Sunday, 29 March 2009

Britain's bloodiest battle

On this day.....548 years ago was fought the bloodiest battle on British soil since Roman times. The Battle of Towton was part of the 30 year struggle for the throne between the houses of Lancaster and York that became known as the Wars of the Roses. On Palm Sunday – March 29, 1461 - the rival armies met two miles south of Tadcaster.

Estimates of the number of soldiers involved go as high as 100,000 – much more than in any battle of the Civil War two centuries later. Towton was fought in a blizzard. The Lancastrians had taken up a good position on a hill, but a strong wind favoured the Yorkists, whose arrows found their target with deadly effect, while the Lancastrians archers, blinded by the snow, were ineffective.

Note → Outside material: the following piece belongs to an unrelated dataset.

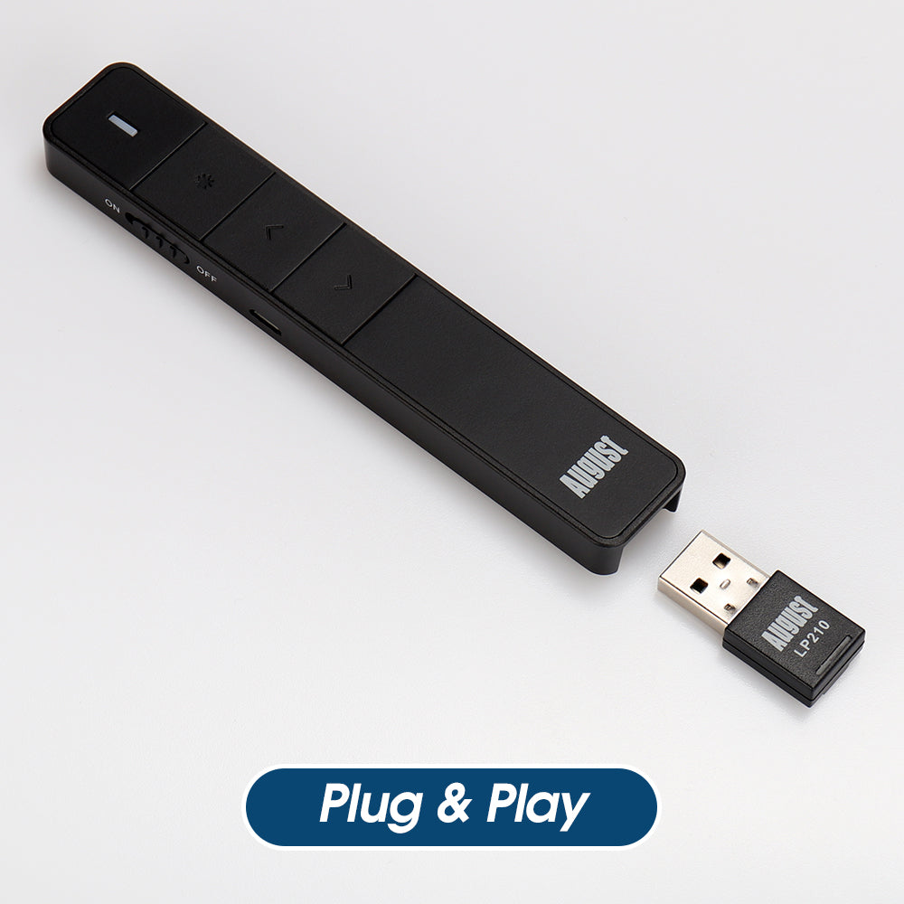 Verlieren Sie immer den kleinen USB-Dongle? Mit diesem August LP210 wird das nicht mehr passieren. Ohne Fragen zu stellen, können Sie den USB-Dongle aus dem Presenter nehmen und an Ihren Computer anschließen. Mit einfachstem Plug&Play startet die Präsentation sofort (keine Treiber oder Software erforderlich). Wenn Sie mit der Nutzung fertig sind, können Sie den USB-Dongle einfach wieder in den Presenter stecken und in die dafür vorgesehene Tasche legen.

The Lancastrians then had to come down the hill to take on their opponents in hand-to-hand fighting, which went on for hours until Yorkist reinforcements arrived, and the Lancastrians were gradually pushed back into a stream. The battle then turned into a murderous rout, with the Lancastrians mercilessly cut down as they tried to flee.

Altogether about 28,000 died. The only higher death toll in a battle in Britain came in Boudicca’s defeat by the Romans at a place unknown, but probably somewhere in the Midlands near the A5, in AD 60 or 61, when perhaps 80,000 perished.